Una sociedad que usa y tira sin contemplaciones continuamente los objetos que fabrica, usa y tira también a sus usuarios (y tiradores), que no se distinguen ya de sus objetos obsolescentemente producidos. La completa destemplanza generalizada en el consumo de mercancías (incluidas aquí por supuesto no sólo las imágenes y las comunicaciones sino las personas y sus relaciones subjetivas, sociales o políticas), la inadvertencia gregaria ante nuestros modos de actuar y comportarnos y el capricho, el antojo inmediato o el deseo fabricado (o para decirlo como suele el vulgo hablar hoy con su vecino: el “porque me sale de los cojones” como causa universal suficiente), convertidos en eje central de nuestras costumbres, producen un despilfarro intolerable de materias y de vida, una conversión de parte del planeta en basurero, desguace, vertederos de residuos o de vertidos tóxicos cuyo alcance y toxicidad amenaza la salubridad de la vida. Sin contar, pero por ahí se empieza, que somos así nosotros mismos los que nos convertimos en vertederos, en desguaces de nosotros mismos, en nuestro propio basurero de pasiones y razones (sic) y que nuestra toxicidad y peligrosidad va aceleradamente en aumento.

Si es así, si lo que llamamos rumbosamente “identidad” a lo que más se parece a lo mejor es a un vertido tóxico ideológico, a un desguace de imágenes, a un almacén de chatarra comunicativa o una papelera de ordenador, si ya no se trata tanto de una desviación viciosa de la personalidad sino de una verdadera disolución de la personalidad, si ya no hay carácter que valga, temple, entereza, valor sereno y ecuánime —todas esa antiguallas— desde el que advertir primero, desde el que darnos cuenta, tomar conciencia, y aprestar una resistencia suficiente, si de todo se hace enseguida palabrería, publicidad, propaganda, politiquería, y si todo ello es indiscriminado e imparable, una tendencia imparablemente destemplada, toda acción en ese sentido será, en la medida en que es tal, una acción o una postura antisocial, antimasiva, aristocrática si se quiere. 

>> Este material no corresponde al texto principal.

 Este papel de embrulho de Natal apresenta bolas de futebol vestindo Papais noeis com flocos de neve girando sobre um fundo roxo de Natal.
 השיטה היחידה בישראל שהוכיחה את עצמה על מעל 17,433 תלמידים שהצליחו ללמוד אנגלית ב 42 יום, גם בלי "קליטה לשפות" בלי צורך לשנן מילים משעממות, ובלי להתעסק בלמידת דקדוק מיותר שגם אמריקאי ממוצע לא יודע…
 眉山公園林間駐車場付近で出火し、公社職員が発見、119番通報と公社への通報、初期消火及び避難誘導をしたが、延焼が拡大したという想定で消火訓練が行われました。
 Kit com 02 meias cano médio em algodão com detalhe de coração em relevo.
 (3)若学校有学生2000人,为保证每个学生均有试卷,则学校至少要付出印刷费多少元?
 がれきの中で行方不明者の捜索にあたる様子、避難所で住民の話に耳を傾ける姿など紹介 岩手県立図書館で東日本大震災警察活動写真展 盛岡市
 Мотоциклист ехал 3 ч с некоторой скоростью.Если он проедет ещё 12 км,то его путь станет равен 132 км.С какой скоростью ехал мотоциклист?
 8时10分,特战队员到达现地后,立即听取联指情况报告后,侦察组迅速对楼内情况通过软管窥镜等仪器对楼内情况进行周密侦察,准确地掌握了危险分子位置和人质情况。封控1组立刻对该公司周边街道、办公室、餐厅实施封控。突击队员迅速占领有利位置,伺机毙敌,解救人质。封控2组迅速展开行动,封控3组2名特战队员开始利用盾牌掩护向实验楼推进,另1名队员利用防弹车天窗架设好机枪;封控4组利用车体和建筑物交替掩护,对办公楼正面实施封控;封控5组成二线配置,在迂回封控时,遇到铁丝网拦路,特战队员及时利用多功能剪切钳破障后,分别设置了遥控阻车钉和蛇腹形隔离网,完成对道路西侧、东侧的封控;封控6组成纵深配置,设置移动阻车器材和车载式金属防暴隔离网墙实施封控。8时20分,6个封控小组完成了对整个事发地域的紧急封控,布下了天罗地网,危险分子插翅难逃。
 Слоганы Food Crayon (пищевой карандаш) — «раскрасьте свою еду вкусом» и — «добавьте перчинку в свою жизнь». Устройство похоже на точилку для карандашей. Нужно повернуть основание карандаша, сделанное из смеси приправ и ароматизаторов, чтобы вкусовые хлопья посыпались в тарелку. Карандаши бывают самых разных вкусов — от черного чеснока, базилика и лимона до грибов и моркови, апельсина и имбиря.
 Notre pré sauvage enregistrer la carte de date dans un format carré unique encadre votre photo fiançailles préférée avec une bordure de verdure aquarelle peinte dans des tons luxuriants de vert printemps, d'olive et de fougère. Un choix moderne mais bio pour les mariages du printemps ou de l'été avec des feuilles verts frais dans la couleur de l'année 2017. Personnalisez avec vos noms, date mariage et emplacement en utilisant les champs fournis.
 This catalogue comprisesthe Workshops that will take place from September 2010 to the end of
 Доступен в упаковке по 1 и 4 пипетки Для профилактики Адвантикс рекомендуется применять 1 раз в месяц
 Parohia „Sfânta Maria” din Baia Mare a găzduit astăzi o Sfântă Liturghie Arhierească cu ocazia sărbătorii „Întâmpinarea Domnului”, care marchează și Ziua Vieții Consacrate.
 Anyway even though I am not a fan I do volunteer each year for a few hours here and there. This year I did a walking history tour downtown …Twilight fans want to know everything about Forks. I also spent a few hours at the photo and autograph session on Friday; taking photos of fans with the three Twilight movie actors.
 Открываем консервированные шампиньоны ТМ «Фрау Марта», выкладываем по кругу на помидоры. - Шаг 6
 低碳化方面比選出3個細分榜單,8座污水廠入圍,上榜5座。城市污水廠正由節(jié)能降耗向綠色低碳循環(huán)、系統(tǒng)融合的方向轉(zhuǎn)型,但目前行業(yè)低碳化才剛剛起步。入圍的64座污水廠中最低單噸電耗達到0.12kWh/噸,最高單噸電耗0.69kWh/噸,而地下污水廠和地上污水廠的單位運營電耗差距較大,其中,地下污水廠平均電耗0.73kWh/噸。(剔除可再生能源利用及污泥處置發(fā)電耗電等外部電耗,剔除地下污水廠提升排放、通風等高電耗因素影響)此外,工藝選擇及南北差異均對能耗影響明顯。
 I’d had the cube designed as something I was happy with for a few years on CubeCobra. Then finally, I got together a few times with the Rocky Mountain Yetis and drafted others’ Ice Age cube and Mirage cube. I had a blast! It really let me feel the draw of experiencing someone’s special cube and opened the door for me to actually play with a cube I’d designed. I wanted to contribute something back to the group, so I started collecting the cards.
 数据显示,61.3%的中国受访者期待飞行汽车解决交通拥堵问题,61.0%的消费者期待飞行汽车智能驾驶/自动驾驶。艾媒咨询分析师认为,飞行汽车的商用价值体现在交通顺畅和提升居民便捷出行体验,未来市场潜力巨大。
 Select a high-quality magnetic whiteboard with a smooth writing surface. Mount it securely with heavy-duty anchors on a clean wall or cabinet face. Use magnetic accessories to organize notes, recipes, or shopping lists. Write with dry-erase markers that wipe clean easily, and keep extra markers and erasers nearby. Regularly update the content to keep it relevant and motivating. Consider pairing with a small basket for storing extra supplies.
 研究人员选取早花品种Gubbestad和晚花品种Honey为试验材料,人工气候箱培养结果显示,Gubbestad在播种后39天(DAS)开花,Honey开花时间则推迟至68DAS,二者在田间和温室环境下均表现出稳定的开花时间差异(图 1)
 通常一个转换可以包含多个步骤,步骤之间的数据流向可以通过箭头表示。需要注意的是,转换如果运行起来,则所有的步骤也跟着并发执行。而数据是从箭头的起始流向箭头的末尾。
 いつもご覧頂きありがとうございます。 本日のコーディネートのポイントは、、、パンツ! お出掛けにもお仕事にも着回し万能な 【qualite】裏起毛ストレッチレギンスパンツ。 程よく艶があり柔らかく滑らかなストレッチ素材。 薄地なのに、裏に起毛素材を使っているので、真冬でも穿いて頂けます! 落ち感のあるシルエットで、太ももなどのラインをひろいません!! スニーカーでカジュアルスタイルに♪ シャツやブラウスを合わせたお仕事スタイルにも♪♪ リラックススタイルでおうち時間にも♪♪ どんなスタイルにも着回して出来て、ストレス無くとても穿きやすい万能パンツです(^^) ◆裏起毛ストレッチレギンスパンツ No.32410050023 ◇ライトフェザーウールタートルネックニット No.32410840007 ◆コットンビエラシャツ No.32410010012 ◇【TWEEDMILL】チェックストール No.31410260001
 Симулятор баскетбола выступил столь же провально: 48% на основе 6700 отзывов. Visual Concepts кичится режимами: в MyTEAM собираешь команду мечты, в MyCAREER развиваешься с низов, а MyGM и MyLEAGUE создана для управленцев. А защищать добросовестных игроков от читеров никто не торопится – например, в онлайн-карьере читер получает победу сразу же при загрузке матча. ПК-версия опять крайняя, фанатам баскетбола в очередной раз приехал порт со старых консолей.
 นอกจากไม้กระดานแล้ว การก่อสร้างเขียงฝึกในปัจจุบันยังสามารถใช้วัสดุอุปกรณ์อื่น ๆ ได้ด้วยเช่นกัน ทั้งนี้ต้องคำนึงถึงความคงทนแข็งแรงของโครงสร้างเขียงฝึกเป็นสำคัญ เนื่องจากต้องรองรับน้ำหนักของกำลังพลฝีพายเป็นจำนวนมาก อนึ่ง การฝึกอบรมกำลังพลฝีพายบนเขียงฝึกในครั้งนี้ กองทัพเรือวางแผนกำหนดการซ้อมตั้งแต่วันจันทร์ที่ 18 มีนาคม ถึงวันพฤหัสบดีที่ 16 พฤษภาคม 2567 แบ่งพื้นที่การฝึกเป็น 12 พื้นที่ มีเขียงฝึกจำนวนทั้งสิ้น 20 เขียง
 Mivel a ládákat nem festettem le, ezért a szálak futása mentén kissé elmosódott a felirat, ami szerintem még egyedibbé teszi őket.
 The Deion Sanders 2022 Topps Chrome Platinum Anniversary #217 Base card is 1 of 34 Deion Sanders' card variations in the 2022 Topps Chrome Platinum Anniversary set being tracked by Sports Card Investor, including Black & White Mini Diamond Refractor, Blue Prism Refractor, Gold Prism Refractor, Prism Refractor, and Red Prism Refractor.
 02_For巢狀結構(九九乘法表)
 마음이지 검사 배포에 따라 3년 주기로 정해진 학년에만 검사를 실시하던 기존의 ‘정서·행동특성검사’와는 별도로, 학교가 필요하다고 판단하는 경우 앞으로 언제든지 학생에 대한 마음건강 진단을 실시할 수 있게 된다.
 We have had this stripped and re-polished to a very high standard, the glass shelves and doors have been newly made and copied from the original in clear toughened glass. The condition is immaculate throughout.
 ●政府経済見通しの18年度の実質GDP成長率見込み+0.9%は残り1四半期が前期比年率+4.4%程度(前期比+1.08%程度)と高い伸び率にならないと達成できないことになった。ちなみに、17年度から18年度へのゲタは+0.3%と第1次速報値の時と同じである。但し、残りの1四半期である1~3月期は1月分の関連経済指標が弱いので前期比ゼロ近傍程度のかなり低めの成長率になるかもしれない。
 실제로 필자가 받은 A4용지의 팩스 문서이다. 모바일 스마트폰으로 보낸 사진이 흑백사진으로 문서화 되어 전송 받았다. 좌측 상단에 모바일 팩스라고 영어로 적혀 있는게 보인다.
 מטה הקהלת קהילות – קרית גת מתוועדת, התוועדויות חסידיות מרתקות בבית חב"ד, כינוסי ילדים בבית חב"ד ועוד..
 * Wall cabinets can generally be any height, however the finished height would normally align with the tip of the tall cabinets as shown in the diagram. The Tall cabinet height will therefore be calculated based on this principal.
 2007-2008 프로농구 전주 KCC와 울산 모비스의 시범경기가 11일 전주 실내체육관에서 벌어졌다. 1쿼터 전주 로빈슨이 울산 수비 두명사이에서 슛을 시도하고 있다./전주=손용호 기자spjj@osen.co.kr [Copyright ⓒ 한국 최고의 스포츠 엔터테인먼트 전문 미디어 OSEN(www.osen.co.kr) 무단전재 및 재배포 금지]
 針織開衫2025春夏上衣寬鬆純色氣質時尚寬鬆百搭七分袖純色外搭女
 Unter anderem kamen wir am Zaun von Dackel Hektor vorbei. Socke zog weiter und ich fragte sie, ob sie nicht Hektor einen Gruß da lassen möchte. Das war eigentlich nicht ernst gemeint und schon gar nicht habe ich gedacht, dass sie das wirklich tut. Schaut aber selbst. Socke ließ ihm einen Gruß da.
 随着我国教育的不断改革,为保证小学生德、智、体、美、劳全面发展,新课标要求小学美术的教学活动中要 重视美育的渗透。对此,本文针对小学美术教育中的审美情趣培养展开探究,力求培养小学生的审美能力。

Para concluir, y por si de algo vale, vamos a recordar brevemente lo que es templar, templanza, temple. Templar es atenuar, moderar, suavizar; es también apaciguar la violencia, la vehemencia, la cólera y los extremos; es mezclar una cosa con otra, un color con otro, como en la pintura; es afinar, pero para ello también atirantar, tensar, buscar la tensión en las cosas, entre el arco y la cuerda. Es asimismo dar dureza y elasticidad, fortaleza, como al templar el hierro, y es adaptar las velas a la fuerza del viento. También combinar con armonía los colores para que no desentonen. Templar es, como en la tauromaquia, adecuar el capote o la muleta a la embestida. Ahí es nada: adecuar a la embestida, adaptar a la fuerza del viento, dar dureza y elasticidad, fortaleza, tensar con justeza, atenuar, moderar, mezclar, combinar. De que de todo esto se haga tesoro, pensamiento, meditación, acción, carácter, y no palabrería, intoxicación, consumo y manipulación del lenguaje, tal vez dependa en buena medida nuestro futuro como sociedades y como personas, si es que queremos seguir siendo eso.

*J. Á. González Sainz (Soria, 1956) es escritor. Su último libro es ‘La vida pequeña. El arte de la fuga’ (Anagrama, 2021).